Pan: (abbreviation of panorama) Movement of the camera from left to right or right to left around the imaginary vertical axis that runs through the camera. A panning shot is sometimes confused with a tracking shot.


Point of view shot:
(Often abbreviated as 'pov'). A shot which shows the scene from the specific point of view of one of the characters.

Pull back shot: A tracking shot or zoom that moves back from the subject to reveal the context of the scene.

Visual Grammar | The 4 Basic Elements | The Big Picture from Birth of Image on Vimeo.




Other important terminology:


Camera Angle:
The angle at which the camera is pointed at the subject: Low High Tilt

Cut: The splicing of 2 shots together. this cut is made by the film editor at the editing stage of a film. Between sequences the cut marks a rapid transition between one time and space and another, but depending on the nature of the cut it will have different meanings.

Continuity cuts: These are cuts that take us seamlessly and logically from one sequence or scene to another. This is an unobtrusive cut that serves to move the narrative along.

Deep focus: A technique in which objects very near the camera as well as those far away are in focus at the same time.

Editing: Editing refers literally to how shots are put together to make up a film. Traditionally a film is made up of sequences or in some cases, as with avant-garde or art cinema, or again, of successive shots that are assembled in what is known as collision editing, or montage.

Flashback: A scene or sequence (sometime an entire film), that is inserted into a scene in "present" time and that deals with the past. The flashback is the past tense of the film.

Flash-forward: On the model of the flashback, scenes or shots of future time; the future tense of the film.

Focus: The sharpness of the image. A range of distances from the camera will be acceptably sharp. Possible to have deep focus, shallow focus. Focus in, focus out: a punctuation device whereby the image gradually comes into focus or goes out of focus.
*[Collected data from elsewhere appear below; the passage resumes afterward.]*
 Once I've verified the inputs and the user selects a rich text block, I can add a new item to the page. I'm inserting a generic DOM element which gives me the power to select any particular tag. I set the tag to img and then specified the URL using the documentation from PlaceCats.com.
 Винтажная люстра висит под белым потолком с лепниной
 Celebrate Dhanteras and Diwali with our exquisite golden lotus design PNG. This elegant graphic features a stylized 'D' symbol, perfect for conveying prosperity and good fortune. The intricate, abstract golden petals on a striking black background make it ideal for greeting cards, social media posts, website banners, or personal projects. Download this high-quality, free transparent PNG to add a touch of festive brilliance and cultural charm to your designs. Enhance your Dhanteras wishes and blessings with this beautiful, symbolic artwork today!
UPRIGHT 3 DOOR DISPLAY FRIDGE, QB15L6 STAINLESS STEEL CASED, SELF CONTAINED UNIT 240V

Framing: The way in which subjects and objects are framed within a shot produces specific readings. Size and volume within the frame speak as much as dialogue. So too do camera angles. Thus, for example, a high-angle extreme long shot of two men walking away in the distance, (as in the end of Jean Renoir's La Grande Illusion, 1937) points to their vulnerability - they are about to disappear, possibly die. Low angle shots in medium close-up on a person can point to their power, but it can also point to ridicule because of the distortion factor.
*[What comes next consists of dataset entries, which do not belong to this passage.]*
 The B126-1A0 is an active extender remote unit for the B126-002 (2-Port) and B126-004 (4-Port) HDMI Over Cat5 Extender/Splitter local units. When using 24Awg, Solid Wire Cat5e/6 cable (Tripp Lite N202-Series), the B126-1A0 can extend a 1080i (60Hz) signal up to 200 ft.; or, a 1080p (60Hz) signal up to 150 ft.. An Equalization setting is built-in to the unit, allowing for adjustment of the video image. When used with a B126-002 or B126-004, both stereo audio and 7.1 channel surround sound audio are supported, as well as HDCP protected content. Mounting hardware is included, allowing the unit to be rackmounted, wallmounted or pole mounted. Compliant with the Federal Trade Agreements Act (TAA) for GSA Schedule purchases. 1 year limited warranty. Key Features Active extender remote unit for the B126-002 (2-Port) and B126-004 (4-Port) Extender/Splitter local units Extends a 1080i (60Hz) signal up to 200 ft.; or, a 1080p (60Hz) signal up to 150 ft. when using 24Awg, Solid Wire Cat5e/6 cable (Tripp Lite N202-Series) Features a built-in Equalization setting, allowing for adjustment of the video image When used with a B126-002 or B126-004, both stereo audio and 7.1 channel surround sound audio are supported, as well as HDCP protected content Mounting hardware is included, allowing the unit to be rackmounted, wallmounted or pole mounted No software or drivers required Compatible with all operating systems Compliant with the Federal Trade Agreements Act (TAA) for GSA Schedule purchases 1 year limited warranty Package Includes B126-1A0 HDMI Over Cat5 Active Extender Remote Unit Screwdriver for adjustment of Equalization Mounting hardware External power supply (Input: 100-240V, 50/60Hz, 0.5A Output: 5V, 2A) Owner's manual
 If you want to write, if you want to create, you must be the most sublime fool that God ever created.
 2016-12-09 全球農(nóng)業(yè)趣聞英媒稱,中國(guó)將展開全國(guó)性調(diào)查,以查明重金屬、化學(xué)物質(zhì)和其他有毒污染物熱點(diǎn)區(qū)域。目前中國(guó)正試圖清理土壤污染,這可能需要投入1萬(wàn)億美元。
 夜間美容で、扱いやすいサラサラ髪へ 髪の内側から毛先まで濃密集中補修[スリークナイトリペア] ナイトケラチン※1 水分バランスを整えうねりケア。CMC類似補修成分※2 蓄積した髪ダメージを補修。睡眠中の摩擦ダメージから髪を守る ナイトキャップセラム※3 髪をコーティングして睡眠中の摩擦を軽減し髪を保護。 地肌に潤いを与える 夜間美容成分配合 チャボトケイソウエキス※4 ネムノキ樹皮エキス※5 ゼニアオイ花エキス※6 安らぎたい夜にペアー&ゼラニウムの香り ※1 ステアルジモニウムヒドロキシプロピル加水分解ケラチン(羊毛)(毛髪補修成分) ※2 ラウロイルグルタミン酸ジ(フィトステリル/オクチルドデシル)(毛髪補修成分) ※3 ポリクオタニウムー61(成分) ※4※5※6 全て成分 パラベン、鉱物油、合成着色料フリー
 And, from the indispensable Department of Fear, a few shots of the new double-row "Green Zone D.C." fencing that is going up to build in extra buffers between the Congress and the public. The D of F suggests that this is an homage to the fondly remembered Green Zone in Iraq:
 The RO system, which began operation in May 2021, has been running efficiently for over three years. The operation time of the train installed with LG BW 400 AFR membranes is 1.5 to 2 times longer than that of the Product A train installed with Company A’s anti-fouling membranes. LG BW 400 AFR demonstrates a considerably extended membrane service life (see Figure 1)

Scene: A complete unit of film narration. A series of shots (or a single shot) that takes place in a single location and that deals with a single action. Sometimes used interchangeably with sequence.
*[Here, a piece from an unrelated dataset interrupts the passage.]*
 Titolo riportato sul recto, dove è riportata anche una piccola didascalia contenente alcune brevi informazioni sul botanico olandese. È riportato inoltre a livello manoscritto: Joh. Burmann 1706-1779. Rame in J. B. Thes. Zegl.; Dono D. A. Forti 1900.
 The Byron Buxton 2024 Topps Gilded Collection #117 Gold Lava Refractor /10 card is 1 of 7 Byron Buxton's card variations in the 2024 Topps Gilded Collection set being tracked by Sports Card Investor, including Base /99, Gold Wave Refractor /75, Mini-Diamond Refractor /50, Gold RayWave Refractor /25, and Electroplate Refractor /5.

Shot: In terms of camera distance with respect to the object within the shot, there are basically 7 types of shots;

* extreme close-up
* close-up
* medium close-up
* medium shot
* medium long shot
* long shot
* extreme long shot or distance shot

* Source: Wikipedia

Writing the script for your stop-motion animation

A Script Should Contain:

- Short character descriptions
- Dialogue
- Words to describe how dialogue should be spoken (ex. angrily)
- Actions/movement
- Sound effects
- Description of how the scenes will be framed (close up, long shot, panning, etc.)